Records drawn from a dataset
□ □ □
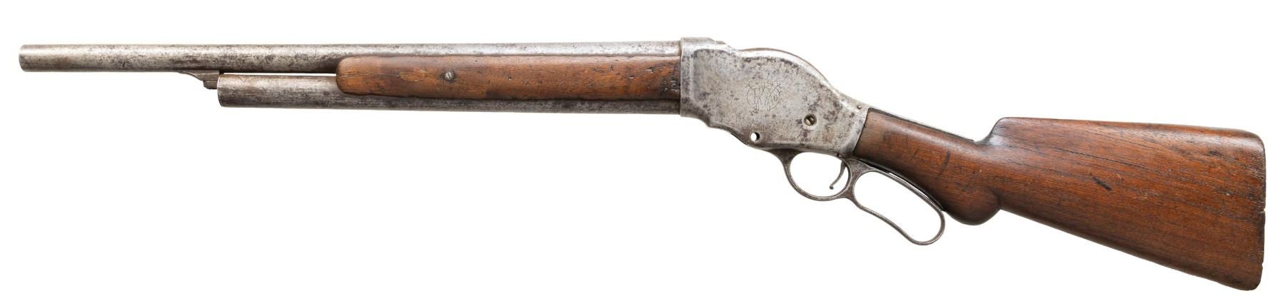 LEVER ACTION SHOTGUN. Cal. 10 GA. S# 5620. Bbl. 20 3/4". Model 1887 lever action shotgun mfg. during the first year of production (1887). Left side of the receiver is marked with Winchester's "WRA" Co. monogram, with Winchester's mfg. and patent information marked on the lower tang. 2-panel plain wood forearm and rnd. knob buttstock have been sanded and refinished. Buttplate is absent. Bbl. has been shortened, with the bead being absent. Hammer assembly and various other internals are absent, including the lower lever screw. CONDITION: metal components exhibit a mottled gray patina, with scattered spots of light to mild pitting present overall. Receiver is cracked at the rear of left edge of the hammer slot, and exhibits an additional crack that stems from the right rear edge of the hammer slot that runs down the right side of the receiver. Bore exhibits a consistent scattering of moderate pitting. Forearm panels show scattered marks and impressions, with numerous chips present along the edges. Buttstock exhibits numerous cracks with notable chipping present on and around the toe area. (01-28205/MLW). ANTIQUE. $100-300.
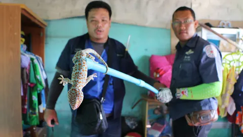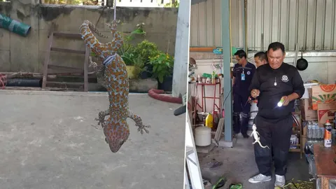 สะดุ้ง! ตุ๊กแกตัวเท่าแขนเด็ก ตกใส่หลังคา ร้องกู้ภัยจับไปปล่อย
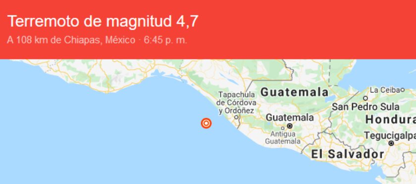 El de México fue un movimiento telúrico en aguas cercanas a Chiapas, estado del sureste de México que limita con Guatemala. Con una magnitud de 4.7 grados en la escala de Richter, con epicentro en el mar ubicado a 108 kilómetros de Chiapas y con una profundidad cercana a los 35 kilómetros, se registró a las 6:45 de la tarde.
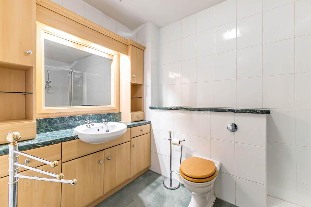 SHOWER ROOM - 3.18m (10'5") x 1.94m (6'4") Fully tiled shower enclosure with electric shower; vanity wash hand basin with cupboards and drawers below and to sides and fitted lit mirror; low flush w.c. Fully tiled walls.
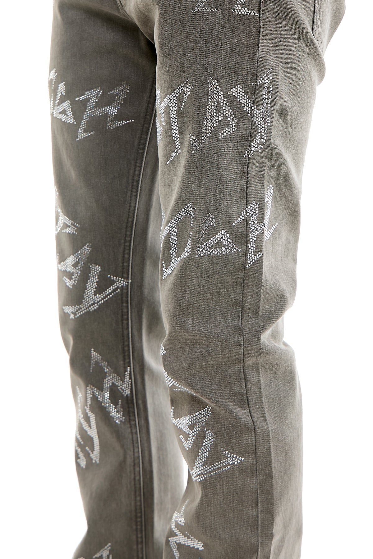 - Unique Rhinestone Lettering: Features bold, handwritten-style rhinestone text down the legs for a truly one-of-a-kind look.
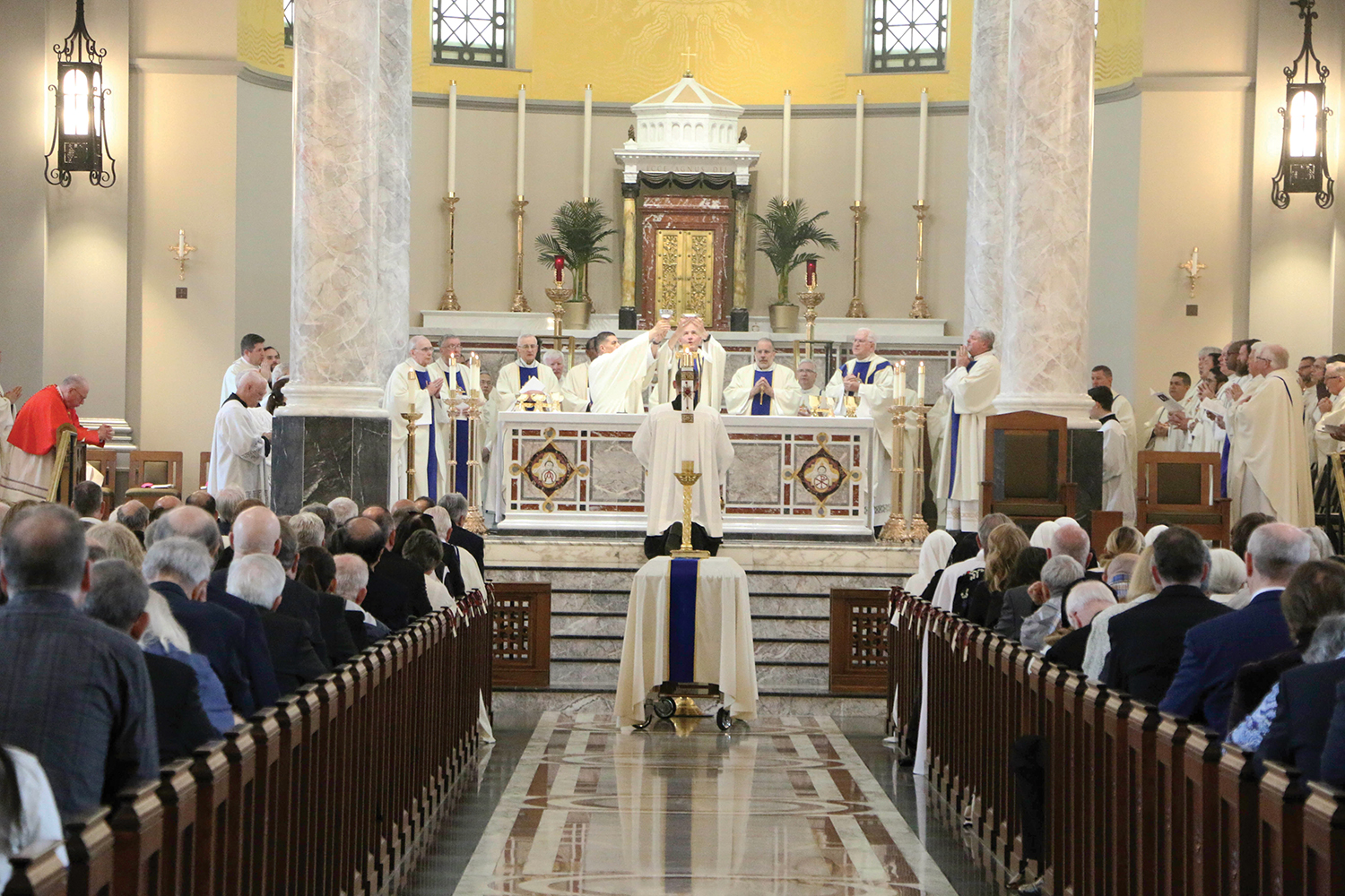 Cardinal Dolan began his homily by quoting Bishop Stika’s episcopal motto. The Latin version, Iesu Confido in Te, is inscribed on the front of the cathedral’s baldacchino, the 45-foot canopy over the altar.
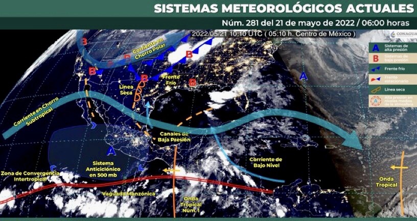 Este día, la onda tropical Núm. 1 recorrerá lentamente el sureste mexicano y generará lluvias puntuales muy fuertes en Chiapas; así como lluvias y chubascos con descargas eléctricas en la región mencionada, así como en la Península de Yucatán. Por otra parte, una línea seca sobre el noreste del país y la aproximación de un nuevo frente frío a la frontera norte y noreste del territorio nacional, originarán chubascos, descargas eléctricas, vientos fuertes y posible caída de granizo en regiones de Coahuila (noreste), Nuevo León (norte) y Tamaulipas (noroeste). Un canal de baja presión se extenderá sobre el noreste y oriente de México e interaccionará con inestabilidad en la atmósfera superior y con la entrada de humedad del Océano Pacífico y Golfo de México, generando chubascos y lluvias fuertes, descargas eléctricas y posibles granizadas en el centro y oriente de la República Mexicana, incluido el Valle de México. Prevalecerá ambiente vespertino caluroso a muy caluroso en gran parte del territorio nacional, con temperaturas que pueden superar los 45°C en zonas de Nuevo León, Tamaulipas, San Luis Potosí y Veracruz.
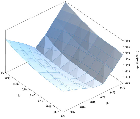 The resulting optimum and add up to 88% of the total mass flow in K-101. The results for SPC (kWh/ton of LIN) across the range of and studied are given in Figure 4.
□ □ □
REQUIRED ACTION |
Only one stretch of the entries above is needed: the lines from the one containing "- Unique Rhinestone" through the one containing "Cardinal Dolan began". Copy it exactly, without the pictures.

RESPONSE FOR THIS EXERCISE |
 - Unique Rhinestone Lettering: Features bold, handwritten-style rhinestone text down the legs for a truly one-of-a-kind look.
 Cardinal Dolan began his homily by quoting Bishop Stika’s episcopal motto. The Latin version, Iesu Confido in Te, is inscribed on the front of the cathedral’s baldacchino, the 45-foot canopy over the altar.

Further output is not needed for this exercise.